Supporters of this step-by-step approach argue that it makes sense in part because it’s impossible to anticipate every potential challenge or conflict that will arise. “To try to make rules in advance, I think it’s pretty impractical,” said Matt Schaefer, co-director of the space law program at the University of Nebraska College of Law. It’s almost inevitable that the bigger space powers, including the U.S., will lead in establishing benchmarks that others can abide by or copy in their own arrangements.

Already, America’s rivals tend to look askance at U.S. attempts to regulate space using national laws, though it’s hard to tell whether it’s because they genuinely have a different philosophy or if they’re just trying to mess with the Americans’ heads. When the U.S. enacted the law dealing with space resources in 2015, Russia objected, suggesting that resources in space could also be viewed as celestial bodies forbidden to be owned by the 1967 treaty.

Ultimately, a treaty is as strong as the country least willing to respect it, and that’s if they sign up to it in the first place.

Take, for instance, another space pact: the 1979 Moon Treaty. That treaty holds that the moon and its natural resources are the common heritage of humanity. It forbids the use of these resources except through an international regulatory body, and it suggests that developing nations should be given a share of the resources found. Several countries without space programs signed up to it because they worried that in the long run they could get exploited by more powerful nations with access to space resources.

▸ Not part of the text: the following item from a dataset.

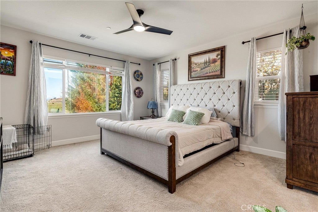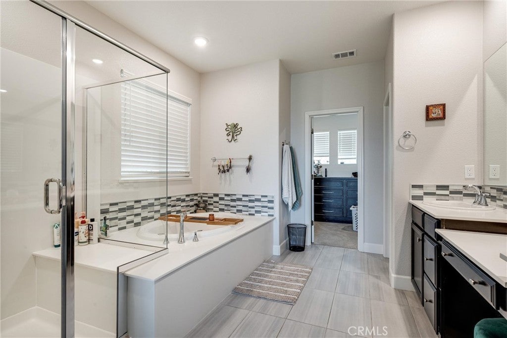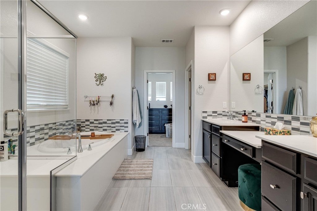 Welcome to your new home! Built in 2019, this spacious home is filled with modern luxuries and boasts a thoughtful design. Step into comfort and style with this remarkable two-story multi-generational home, designed with both elegance and functionality in mind. Perfect for families or those who love to entertain, this residence offers an open layout, premium finishes, and ample space throughout. At the heart of the home is a gourmet kitchen, featuring a large center island that is ideal for cooking, casual meals, or hosting guests. The kitchen flows seamlessly into the family room, creating a warm and inviting space for both gatherings and everyday living. This home boasts a spacious ground-floor en suite perfect for guests or multi-generational living. The second story, the main bedroom, features a large, attached bathroom and a walk-in closet, providing a peaceful retreat with its spacious layout and abundant natural light. Two additional bedrooms each with their own walk-in closets, a large loft and the laundry room make up the remainder of the second floor. This home includes a 3-car tandem garage with lots of space for parking and storage. The house offers an unobstructed view from the back porch of the serene hillside and open fields. Enjoy the grandeur of high ceilings with recessed lighting throughout, which enhances the sense of space and adds modern elegance. Add in the access to top-rated Travis Unified schools, proximity to Travis AFB, and the new train station, and you’ve found a home that truly has it all!

But the three largest space powers, the U.S., China and Russia, have refused to sign the Moon Treaty, viewing it as far too restrictive. The U.S. in particular does not view space as a national park that must be left untouched, but rather like the Wild West with much to offer in the ways of riches for those willing to risk the journey.

Dennis Hope, in his own way, is one such pioneer. But Hope has grown concerned about keeping control of his celestial real estate; along with a “Galactic Government” that he helped establish, Hope plans to notify nations and companies that if they want to use the space property he claimed nearly four decades ago, they’ll have to pay a licensing fee and share some of the riches they may find. The fee, Hope estimates, will run around $ 100,000 for property on the moon.

“We knew it would come at some point, once the private sector got involved in space travel,” Hope, now 71, told POLITICO. “It’s always a battle trying to maintain and keep ownership of what you think you have.”

Nahal Toosi is a foreign affairs correspondent for POLITICO.